Use high-quality images: Higher resolution images produce better OCR results and more accurate PII detection.
Crop to relevant areas: If only part of the image contains sensitive text, crop it first to reduce processing time and improve accuracy.
Check results: Always review the redacted output to ensure all PII was detected, especially for unusual formats or low-quality scans.
Choose appropriate fill colors: Use a fill color that contrasts with the background to make redactions clearly visible.
Set appropriate thresholds: Lower the confidence threshold (e.g., 0.2) to catch more potential PII at the cost of more false positives.

FAQ#

Can I redact specific entity types only?#

Yes. Use the entities parameter in the API to specify which entity types to redact (e.g., only PERSON and EMAIL_ADDRESS).

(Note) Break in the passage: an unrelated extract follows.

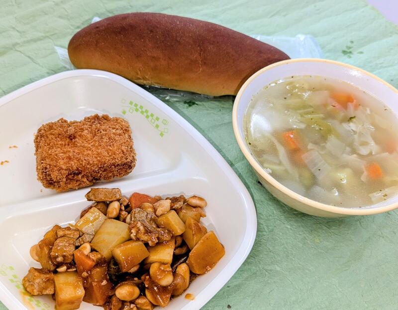 12月10日(水) 投稿日時 : 12/10 学校管理者 黒糖パン、野菜スープ、、ポークビーンズ(町産食材はじゃがいも)、えびカツ(667kcal) 0 {{options.likeCount}} {{options.likeCount}}
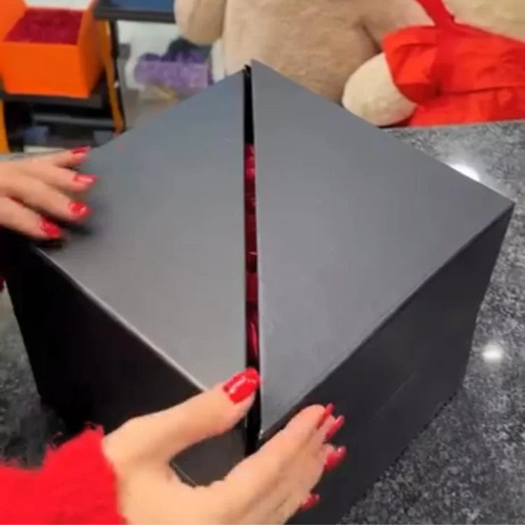 Red Rose Heart Box: A stunning heart-shaped box filled with fresh, fragrant red roses, symbolizing...

Does image anonymization work offline?#

No. Image anonymization requires server-side processing with Tesseract OCR and Presidio. The Desktop App does not currently support image anonymization.

What happens to my original image?#

Your original image is processed in memory and never stored on our servers. Only the redacted output is returned to you. All processing follows our zero-knowledge principles.

Can I undo a redaction?#

No. Image redaction is permanent and irreversible. The original pixel data under redaction rectangles is destroyed. Always keep a backup of your original image.

How many tokens does image anonymization cost?#

Token costs depend on the amount of text extracted from the image and the number of PII entities detected. A typical document scan costs 5–15 tokens.